While the United States currently produces a third of its solar panels domestically, it faces stiff competition from China – which according to figures produces 98 percent of the world’s solar wafers. Reuters.

Republicans in Congress labeled the funding a taxpayer-funded “slush fund.”  They argued that the subsidies risk sacrificing billions of dollars to China, which

Republicans in Congress labeled the funding a taxpayer-funded “slush fund.” They argued that the subsidies risk sacrificing billions of dollars to China, which “controls the components needed for renewable energy,” adding that the Asian country is “one of our biggest adversaries.”

While the United States currently produces a third of its solar panels domestically, it faces stiff competition from China – which produces 98 percent of the world's solar wafers, according to Reuters.

Today, the US already imposes a 14 percent tariff on imported solar components from most countries, while Chinese imports face an additional 25 percent tariff

While the US currently produces a third of its solar panels domestically, the country faces stiff competition from China – which produces 98 percent of the world’s solar wafers, according to Reuters. Today, the US imposes a 39 percent tariff on solar energy components imported from China

“By mandating technologies that rely entirely on resources from China,” the Republican lawmakers said, “the president is taking taxpayer dollars and using them to line the pockets of one of our greatest adversaries.”

However, President Biden’s initiative has also lined the pockets of the US domestic solar industry federal tax credits for domestic solar panel manufacturers.

Thursday’s announcement about the “green bank” financing was approved by Congress earlier in 2022 as part of the Inflation Reduction Act (IRA), in addition to billions in subsidies and tax breaks for the U.S. domestic solar industry.

“The IRA subsidies are hugely lucrative, but they are still not enough to compete with cheap imports,” Pol Lezcano, a senior analyst at BloombergNEF, told the newspaper. Financial times.
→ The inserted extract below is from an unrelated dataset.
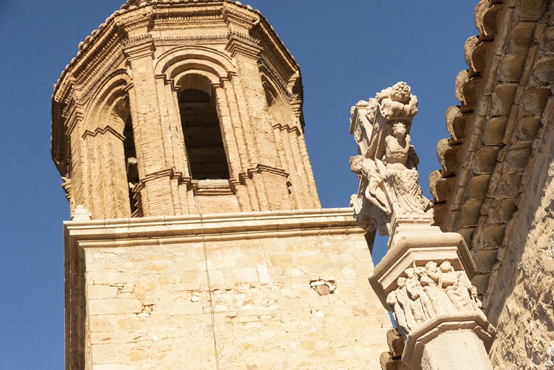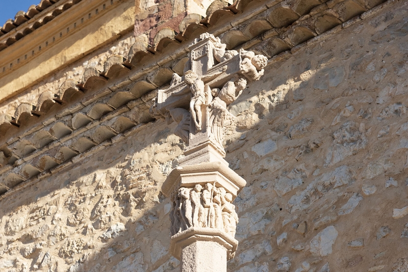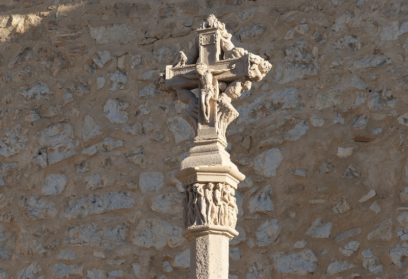 De ella arranca el fuste, muy esbelto, de sección octogonal y totalmente liso. Está rematada por un capitel o tambor también octogonal en torno al cual se disponen, en acusado relieve y sin ninguna partición, múltiples figuras de santos que hasta ahora no han sido identificados. En el remate del capitel consta incisa la fecha de 1566.

Lezcano believed that a “new protectionist measure” would be necessary to make American solar energy production competitive against Chinese dominance.

Today, the US already imposes a 14 percent tariff on imported solar components from most countries – while Chinese imports face an additional 25 percent tariff.
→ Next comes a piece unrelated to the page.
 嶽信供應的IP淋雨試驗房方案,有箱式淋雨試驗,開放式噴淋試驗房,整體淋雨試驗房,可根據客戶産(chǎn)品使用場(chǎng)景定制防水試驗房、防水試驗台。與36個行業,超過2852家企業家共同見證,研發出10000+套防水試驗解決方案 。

Until last June, when Biden imposed a moratorium, the US had imposed a 200 percent duty on Chinese solar panels in an effort to counter what the Financial Times described as China’s attempts to crush its aspiring US competitors with a flood of cheap solar -energy, to thwart.
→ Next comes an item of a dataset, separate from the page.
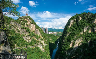 城市大峽谷,因其貫穿黔江老城和舟白、正陽新城三大城市組團(tuán),集城市大峽谷、城市大峽江、城市大溶洞于一體,是世界上罕見的“城市峽谷峽江”景觀。城市大峽谷地貌奇特。橫跨七個(gè)地質(zhì)年代,兼具喀斯特、礫石、丹霞等地貌特色,峽谷兩岸懸崖絕壁,森林植被茂密,溶洞密布,峽谷長10公里、平均深度200米、垂直落差500米。潺潺流淌的黔江河水穿峽而過,刀砍斧削的峽壁長滿蒼松古樹,如水墨山水畫,峽頂峰巒起伏,松林蔥郁。峽中洞穴密布,洞洞相連,洞中有洞,曲折如同迷宮一般,是大武陵唯一的集峽谷江流、峽谷城市、峽谷體驗(yàn)、峽谷文化于一體的奇幻景觀。城市大峽谷景致雄壯,有觀音峽、白虎峽、龍脊崗石林等自然景觀,擁有大世界基尼斯之最——高達(dá)123米的巨幅摩崖觀音像;有驚險(xiǎn)絕倫、垂直高度逾300余米的懸崖絕壁棧道;有奕孝亭、柳孝亭、觀音雕像、摩崖石刻等人文景觀;有回音壁、慈航橋等驚奇美妙的體驗(yàn)。蜿蜒的峽谷峽江、原始的峽谷風(fēng)光、濃郁的武陵廟堂在此融為一體。

“(China) doesn’t want the US to have its own domestic industry. . . It’s a pretty dire situation,” Mark Widmar, CEO of First Solar, America’s largest solar manufacturer, told the business newspaper.

The $20 billion in nonprofit bank grants, officially called the Greenhouse Gas Reduction Fund, specifically mandates financing exclusively for solar projects.

However, another $7 billion will be awarded this spring under the GGRF’s “Solar for All” program, officials said.

Concerns about the rapid pace of climate change have reached a fever pitch in the past year, with dire warnings of “mega-hurricanes” and the resurgence of ancient diseases such as the plague, according to a US government-funded study.

The United Nations World Meteorological Organization (WMO) reported that several climate records were broken and in some cases ‘shattered’ last year.

Greenhouse gas levels, surface temperatures, ocean heat and acidification, sea level rise and ice loss in Antarctica will all escalate by 2023 due to fossil fuel emissions, their report warned.

“Sirens are sounding on all major indicators,” said United Nations Secretary-General António Guterres.

“Some records don’t just top the charts, they break the charts – and the changes are accelerating.”